### WHAT TO PRODUCE
Down to the last line, reproduce the data that follows, but skip the pictures.

### COLLECTED DATA
= Beginning of Section =
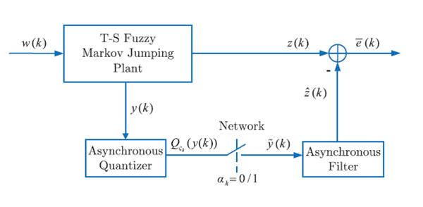 Markov跳变系统作为一类特殊的混杂系统,因其简单的数学描述形式和对实际系统强大的建模能力得到了学术界和工业界的青睐,在电力系统、航空航天系统等众多工程领域得到了广泛应用。在研究Markov跳变系统时,基于隐Markov模型考虑异步的综合方法可以有效克服实际系统中模态难以精确获得的困难,但同时又充分利用了可用的模态信息,可有效降低结论的保守性。该文章研究了一类具有丢包的网络化Takagi-Sugeno模糊Markov跳变系统的耗散异步滤波问题。系统测量采用对数量化器进行量化,并引入一种新的伯努利丢包模型来处理量化器至滤波器之间的丢包现象。滤波器、量化器和系统之间均是异步的,异步关系分别由两个隐Markov模型描述。通过采用模态和模糊规则依赖的Lyapunov函数方法和适当的矩阵不等式变换技术,得到了可使滤波误差系统随机均方稳定且具有一定耗散性能的异步滤波器设计方法。与现有方法相比,文章中所提出的设计方法可有效提高系统的滤波性能。
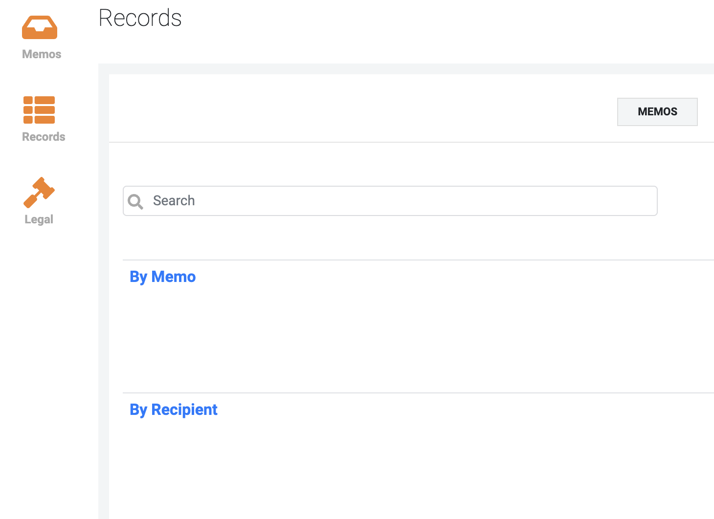 Users with the Communications role can access Memo records. These are located on the Memo homepage in the left-hand panel under 'Records'.
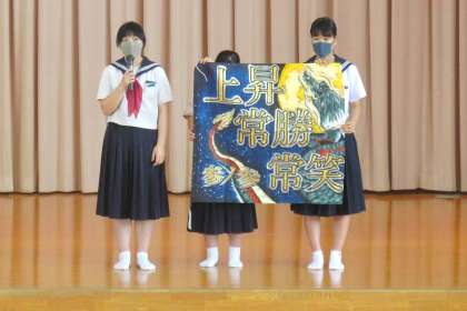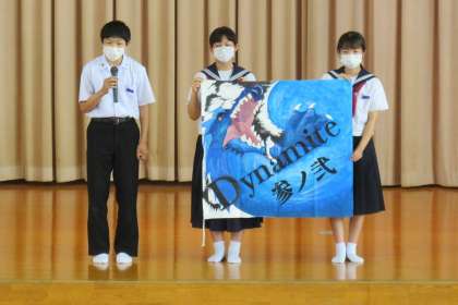 生徒総会において学級旗の発表が行われました。
= End of Section =
### COMPLETED TASK
 Markov跳变系统作为一类特殊的混杂系统,因其简单的数学描述形式和对实际系统强大的建模能力得到了学术界和工业界的青睐,在电力系统、航空航天系统等众多工程领域得到了广泛应用。在研究Markov跳变系统时,基于隐Markov模型考虑异步的综合方法可以有效克服实际系统中模态难以精确获得的困难,但同时又充分利用了可用的模态信息,可有效降低结论的保守性。该文章研究了一类具有丢包的网络化Takagi-Sugeno模糊Markov跳变系统的耗散异步滤波问题。系统测量采用对数量化器进行量化,并引入一种新的伯努利丢包模型来处理量化器至滤波器之间的丢包现象。滤波器、量化器和系统之间均是异步的,异步关系分别由两个隐Markov模型描述。通过采用模态和模糊规则依赖的Lyapunov函数方法和适当的矩阵不等式变换技术,得到了可使滤波误差系统随机均方稳定且具有一定耗散性能的异步滤波器设计方法。与现有方法相比,文章中所提出的设计方法可有效提高系统的滤波性能。
 Users with the Communications role can access Memo records. These are located on the Memo homepage in the left-hand panel under 'Records'.
 生徒総会において学級旗の発表が行われました。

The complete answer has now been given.